Nesta observação ficamos atentos à expressão “desejo de matar”. O voluntário parou de girar, caiu de joelhos olhando fixamente para a menina que jazia quase morta dizendo que a amava. Contei 39 vezes ao longo de 45 minutos em que ele permaneceu comovido, incansavelmente consumido em sua dor, suspirando e soluçando no ritmo que aos poucos foi demonstrando seu esgotamento. Nos primeiros 10 minutos a expressão “eu te amo” se repetiu praticamente sem barulhos ou esgares, foi dita entre intervalos sucessivos de silêncio que não duravam mais de 30 segundos, até uma pausa de um minuto e 18 segundos. Neste o voluntário começou a chorar compulsivamente e a dizer o contrário “eu te odeio” até que, no trigésimo sétimo minuto revelou, como que explicando a si mesmo – e, desconfio que tendo em vista a consciência de que era observado – que estava infectado do desejo de matar.
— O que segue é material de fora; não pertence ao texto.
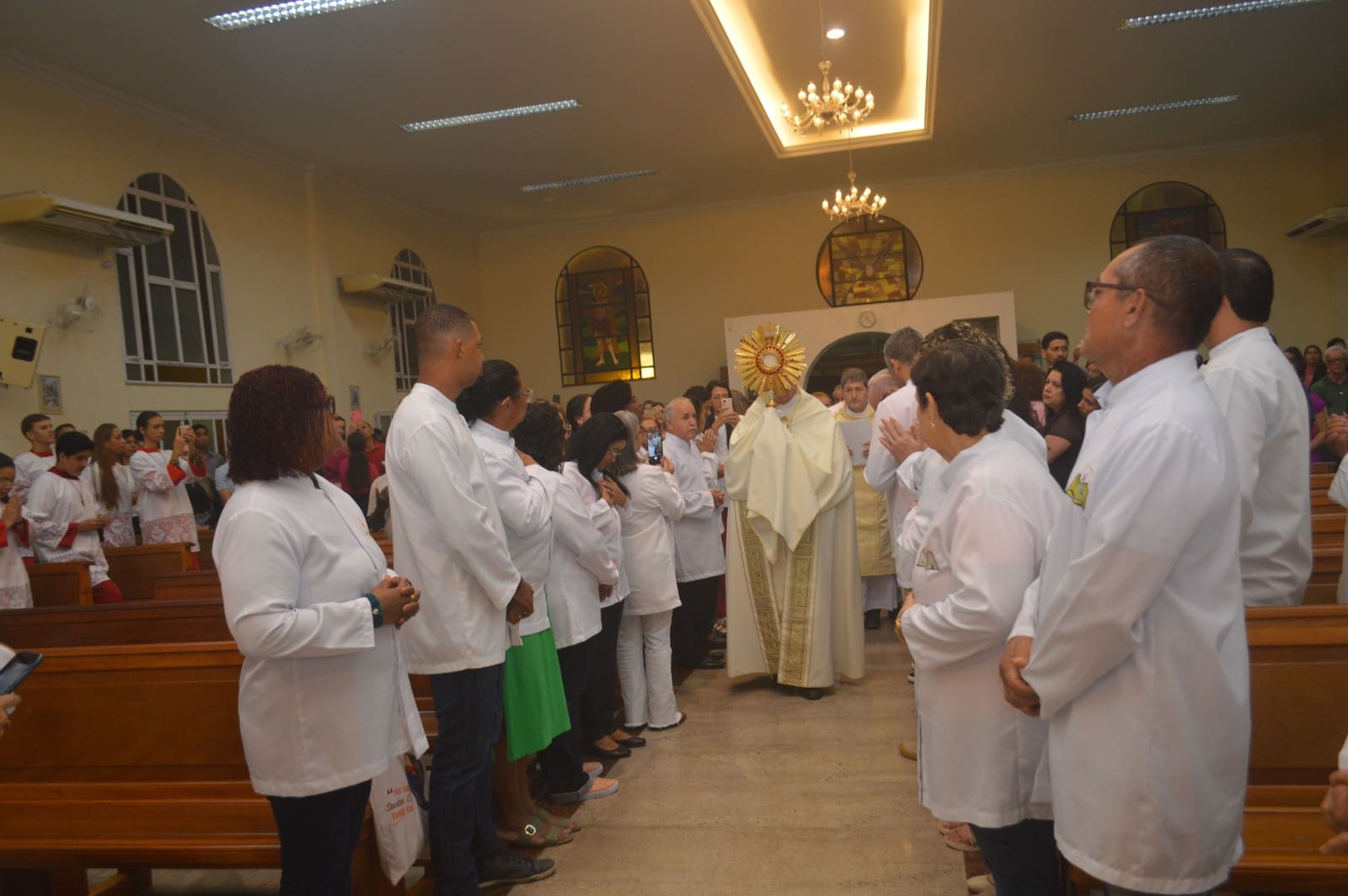 A celebração de Corpus Christi realizada na na quinta-feira, 29 de maio, na Paróquia São Filipe, no bairro Aeroporto, em Cachoeiro de Itapemirim, contou com a participação de centenas de católicos, na missa, procissão e na confecção dos famosos tapetes coloridos.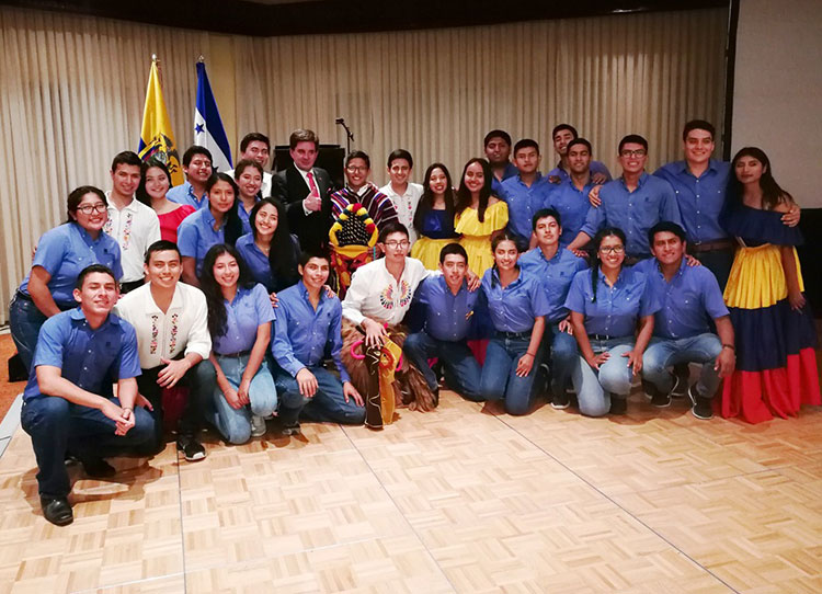 En el evento estudiantes de origen ecuatoriano de la Escuela Agrícola Zamorano, como bienvenida ofrecieron un espectáculo folklórico de baile y música regional, que fue del agrado de todos los presentes.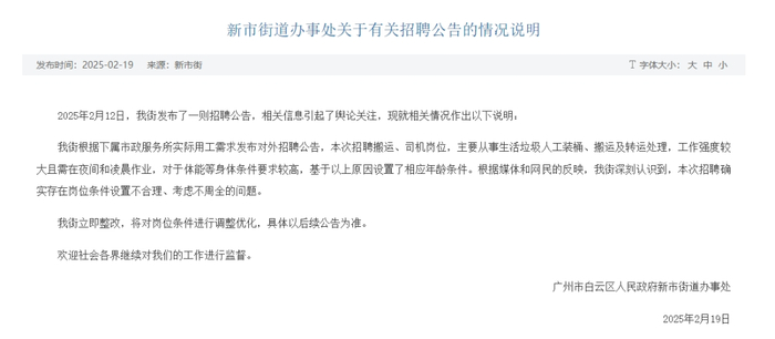 对此,广州市白云区政府网站2月19日发布《新市街道办事处关于有关招聘公告的情况说明》。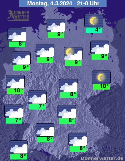 In der Nacht auf Dienstag ist der Himmel meist stark, nur im äußersten Nordosten auch gering bewölkt oder sternenklar. Entlang der Weser sowie im Südosten und Südwesten muss in der Nacht mit etwas Regen gerechnet werden, sonst bleibt es überwiegend niederschlagsfrei.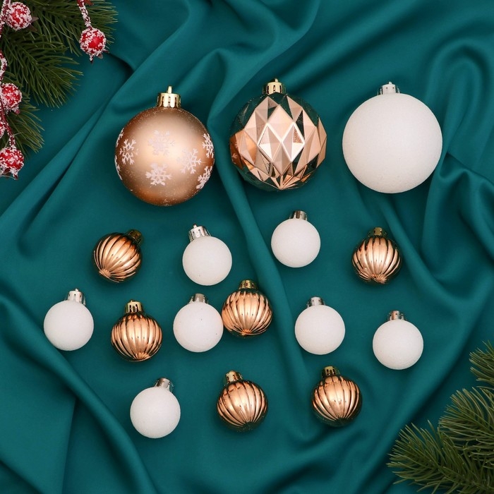Набор шаров пластик 44 шт d-3 и 6 см "Изабель" ассорти, белый золото

Meu colega nestes momentos quer sempre economizar tempo e chamar o próximo. Prefere ministar um antidepressivo enquanto o procedimento correto implica apenas três doses de álcool. A total confirmação do que já sabemos parece suficiente para seguir adiante. Quase me convenceu que se a cobaia fosse uma garota conhecida teríamos outro resultado, mas nosso sucesso depende do respeito ao tempo do procedimento e do caráter aleatório da cobaia feminina. Somente assim chegaremos à mãe. Somente assim, ele confessará o que queremos saber. Que matou o pai e que o fez apenas porque não pode matar a mãe. Os motivos, no entanto, serão avaliados em etapa para a qual ainda não fomos treinados.

Neste ponto, meu colega finge que não há mais tarefa alguma. Para não perder tempo, eu preciso interromper o preenchimento do formulário, conduzir o candidato até o vão e com um empurrão suave o lançar no abismo. Aquele que me olha de volta recebe um sorriso que não dou a mais ninguém.